Personal information
- Full name: Kelly Jade Sotherton
- Nationality: United Kingdom
- Born: 13 November 1976 (age 49) Newport, Isle of Wight
- Height: 178 cm (5 ft 10 in)
- Weight: 68 kg (150 lb)

Sport
- Country: United Kingdom
- Sport: Athletics
- Event(s): Heptathlon Long Jump 400 m
- Club: Birchfield Harriers
- Coached by: Aston Moore, Charles Van Commenee

Achievements and titles
- Olympic finals: 3rd (2004) 3rd (2008)- hept 3rd (2008)- 4 × 400 m
- World finals: 5th (2005)3rd (2007)2nd (2008)
- Regional finals: 7th (2006) 2nd (2005/2007)
- Highest world ranking: 1 (Mar 2006)

Medal record
Women's athletics
Representing Great Britain
Olympic Games
| Bronze medal – third place | 2004 Athens | Heptathlon |
| Bronze medal – third place | 2008 Beijing | Heptathlon |
| Bronze medal – third place | 2008 Beijing | 4 × 400 m relay |
World Championships
| Bronze medal – third place | 2007 Osaka | Heptathlon |
World Indoor Championships
| Silver medal – second place | 2008 Valencia | Pentathlon |
European Indoor Championships
| Silver medal – second place | 2005 Madrid | Pentathlon |
| Silver medal – second place | 2007 Birmingham | Pentathlon |
| Silver medal – second place | 2011 Paris | 4 × 400 m relay |
Representing England
Commonwealth Games
| Gold medal – first place | 2006 Melbourne | Heptathlon |
Representing Isle of Wight
Island Games
| Gold medal – first place | 1997 Jersey | 100 m |
| Gold medal – first place | 1997 Jersey | 100 m Hurdles |
| Gold medal – first place | 1997 Jersey | Long Jump |
| Gold medal – first place | 1997 Jersey | High Jump |
| Gold medal – first place | 1997 Jersey | 4 × 100 m Relay |
| Gold medal – first place | 1997 Jersey | 4 × 400 m Relay |
| Gold medal – first place | 1999 Gotland | 100 m |
| Gold medal – first place | 1999 Gotland | Long Jump |
| Silver medal – second place | 1999 Gotland | 200 m |
| Bronze medal – third place | 1999 Gotland | 4 × 100 m Relay |
| Bronze medal – third place | 1999 Gotland | 4 × 400 m Relay |

= Kelly Sotherton =

British heptathlete (born 1976)

Kelly Jade Sotherton (born 13 November 1976) is a British former heptathlete, long jumper and relay runner.
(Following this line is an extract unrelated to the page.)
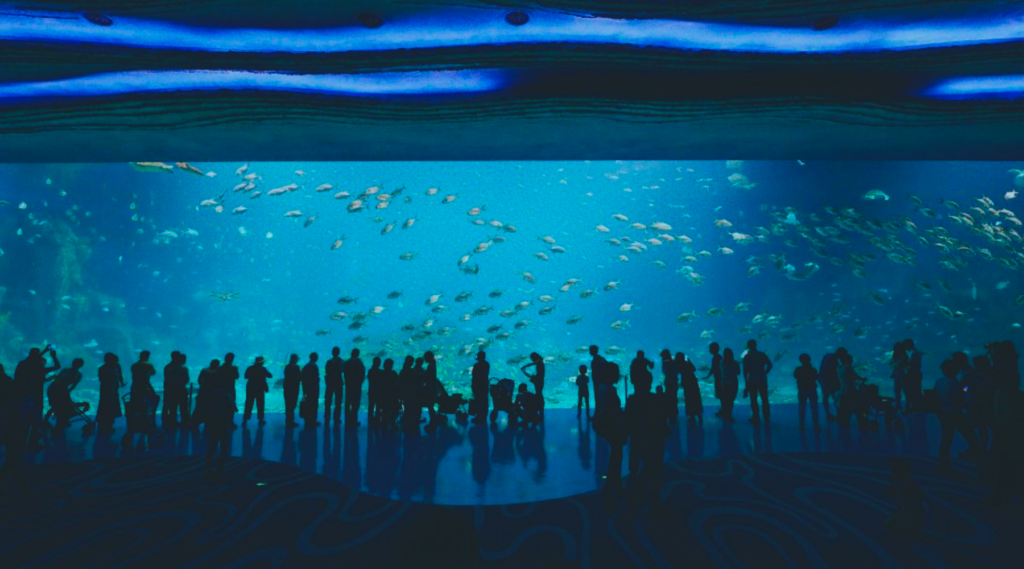 Walking down a dark glass corridor, lit up only by the blue light spilling in through a filter of fish and water. Either side of you, glass monoliths smudged by sweaty palms like your own. You look through the windows into the vastness of a huge tank, that darkens and fades the further in you stare. Suddenly you trip over and get a terrible sensation that you may fall into the endless water that surrounds you. But a firm hand holds your arm tight and you never reach the ground.

In the heptathlon she was the bronze medallist at the 2004 Summer Olympics and, following the disqualification of two other athletes, also at the 2008 Summer Olympics, as well as being part of the bronze medal-winning team in the Women's 4 × 400 m relay at the 2008 Summer Olympics (again, initially finishing 5th but upgraded after various subsequent doping disqualifications). As such she is one of only five women to win multiple medals in Olympic heptathlon. She also won a bronze at the 2007 World Championships in Athletics. Representing England, Sotherton is a one-time Commonwealth Games champion, as the heptathlon gold medallist at the 2006 Commonwealth Games.

Indoors, Sotherton was a World silver medallist, and twice European silver medallist in pentathlon, in which she was ranked seventh all-time in 2022.

Several of Sotherton's medals arrived after other athletes had been caught doping - at the time, Sotherton's reputation was more of near misses than medal success. As the scale of her accomplishments at global level (5 global medals in four years) became clear in hindsight, Sotherton was increasingly recognised as fully part of a notable line of world class British pentathletes/heptathletes that included Olympic gold medalists Mary Rand, Mary Peters, Commonwealth Games champions Judy Simpson, and Louise Hazel and three modern champions across multiple events, Denise Lewis (Olympic, double-Commonwealth gold), Jessica Ennis-Hill (Olympic, European and triple-World gold) and Katarina Johnson-Thompson (double-World, double-Commonwealth gold), her multiple global medals and Commonwealth title between 2004 and 2008 bridging the gap between the Olympic triumphs of Lewis and Ennis-Hill.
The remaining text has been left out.